2. The Florida Project
This movie opened eyes to an underbelly population minutes away from the supposed happiest place on earth. Sean Baker has these ideas to create stories based on real places, using real people, which should be revered. (As evident with Tangerine) Willem DaFoe, who plays motel manager Bobby, stars in the movie, yes, but outside of DaFoe the cast consists of Floridians who probably never expected to be in an Oscar-worthy film. The essence of childhood’s portrayed in this feature film, and what exactly it’s like growing up poor adjacent to Disney World.
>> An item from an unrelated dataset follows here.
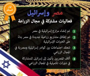 ومن الفوائد المتأتية من اتفاقية السلام: في المجال الزراعي هناك تعاون مثمر في اثراء المعلومات والتقنيات الحديثة ما أفضى إلى إنشاء مزارع متقدمة في مصر، في حين قَدِم مصريون للمشاركة في دورات تكميلية في إسرائيل.

It’s haunting how real Baker makes this movie feel.
1. Get Out
Back in March, the night before a major snowstorm hit Albany, NY, my cousin and roommate Chuck and I, ventured to a theater to see this flawless film. It’s everything a viewer could possibly want from a movie. It had excitement, it had humor, it had stupendous acting. Chris Washington (Daniel Kaluuya) has to spend the weekend at his girlfriend Rose Armitage (Allison Williams) family’s house. Washington has never met her family, and even though his friend, Rod Williams (LilRel Howery) tried to warn him, he makes an unforgettable trip to the Armitage’s. Get Out was an experience unlike anything. The theater reacted to every scene like it was Super Bowl LI. Jordan Peele knocked his first directed movie right out of the park. See this movie.